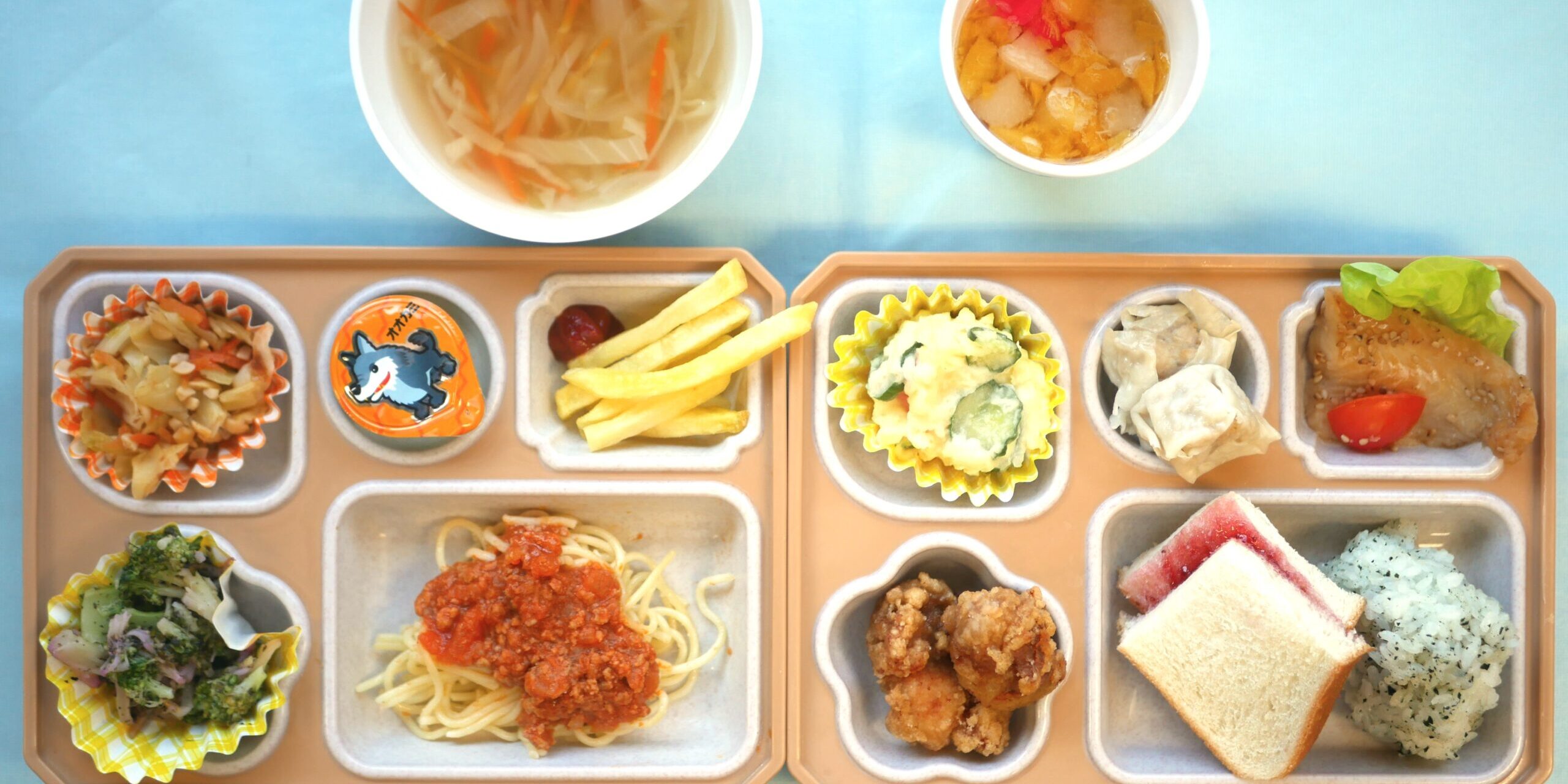 ・わかめおにぎり ・ジャムサンド ・ミートソーススパゲティー
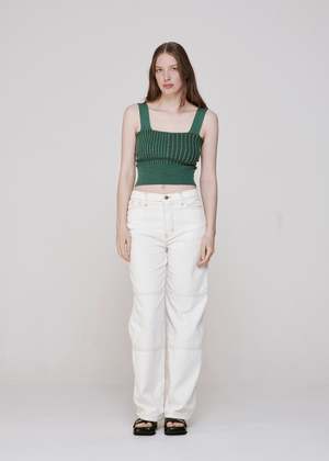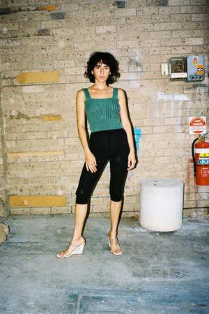 A timeless knitted singlet with wide set straps and fading, linear ribbed details; our Static knitwear capsule is informed by conflicting states of static and momentum. Tonal light and dark teal green yarns. Engineered ribbed panelling. Made in Melbourne. Colour Teal Material 100% Merino Wool Size + Fit Gemma is 178cm and wears size 1 (e-com model images). Size 1 (UK 6-8 / US 2-4) - bust 66cm, waist 50cm, length 30cm, strap 33cm Size 2 (UK 10-12 / US 6-8) - bust 73cm, waist 55cm, length 32cm, strap 34cm PERMANENT VACATION The Permanent Vacation philosophy circles around the simple principle of creating high quality clothes that are easy to wear, effortless, considered, and timeless. Clothes that are informed by art and culture and are designed to fit seamlessly into modern day wardrobes. Operating in Projects rather than seasons allows PV designs to have global relevance instead of being restricted by the traditional seasonal calendar. Focusing on creating well-made pieces and producing only to meet demand, PV design and produce everything locally in Melbourne, Australia.
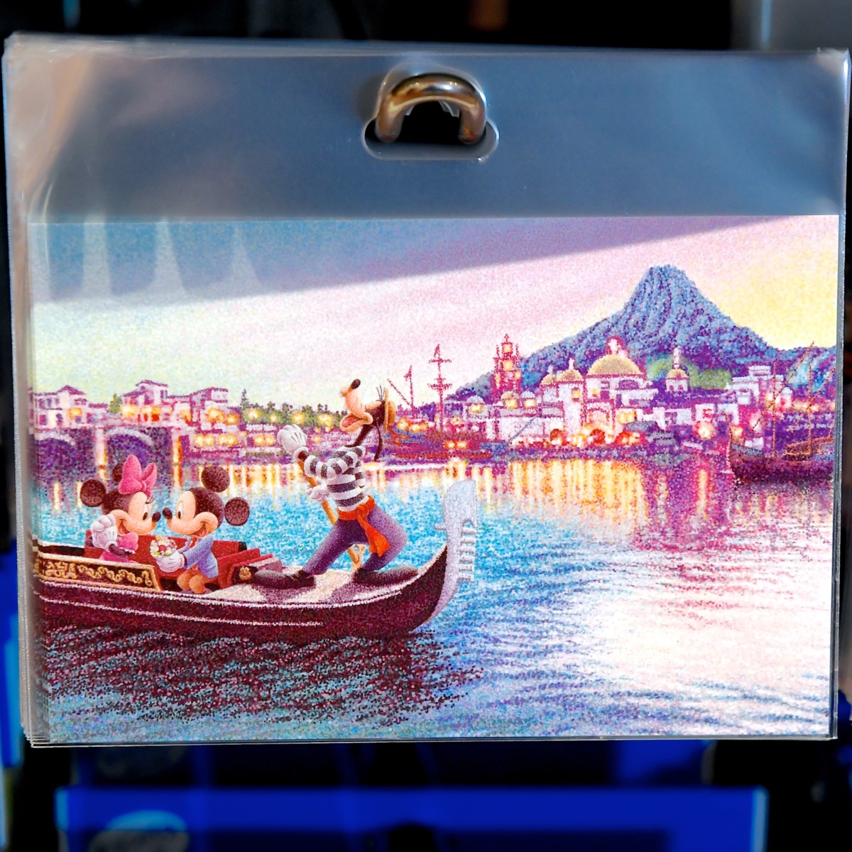 東京ディズニーシーのアトラクション「ヴェネツィアン・ゴンドラ」に乗るミッキー&ミニー、ゴンドリエのグーフィーがデザインされたポストカード。
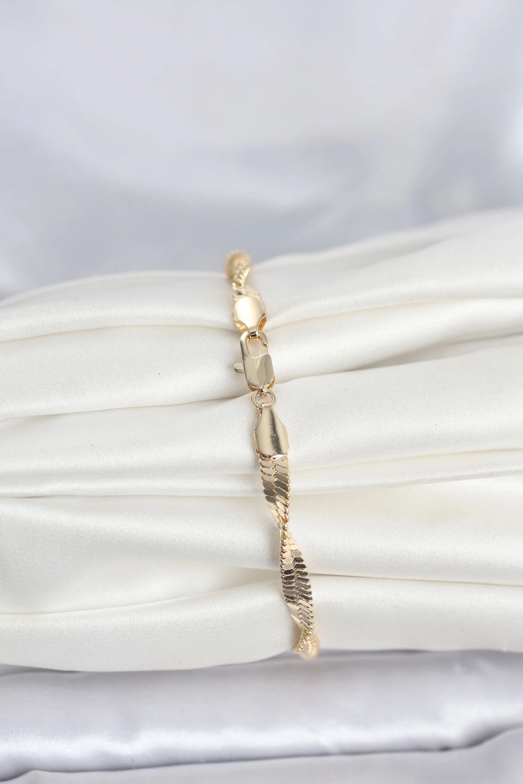 CM 14K Gold Renk Zincir Kalın Yassı Ezme Burgu Model Kadın Bileklik - TJ-BB8301
────
— Task goal —
Reproduce, word for word, the lines from the one containing "東京ディズニーシーのアトラク" through the final line above. Leave every picture out.

— Solution to this problem —
 東京ディズニーシーのアトラクション「ヴェネツィアン・ゴンドラ」に乗るミッキー&ミニー、ゴンドリエのグーフィーがデザインされたポストカード。
 CM 14K Gold Renk Zincir Kalın Yassı Ezme Burgu Model Kadın Bileklik - TJ-BB8301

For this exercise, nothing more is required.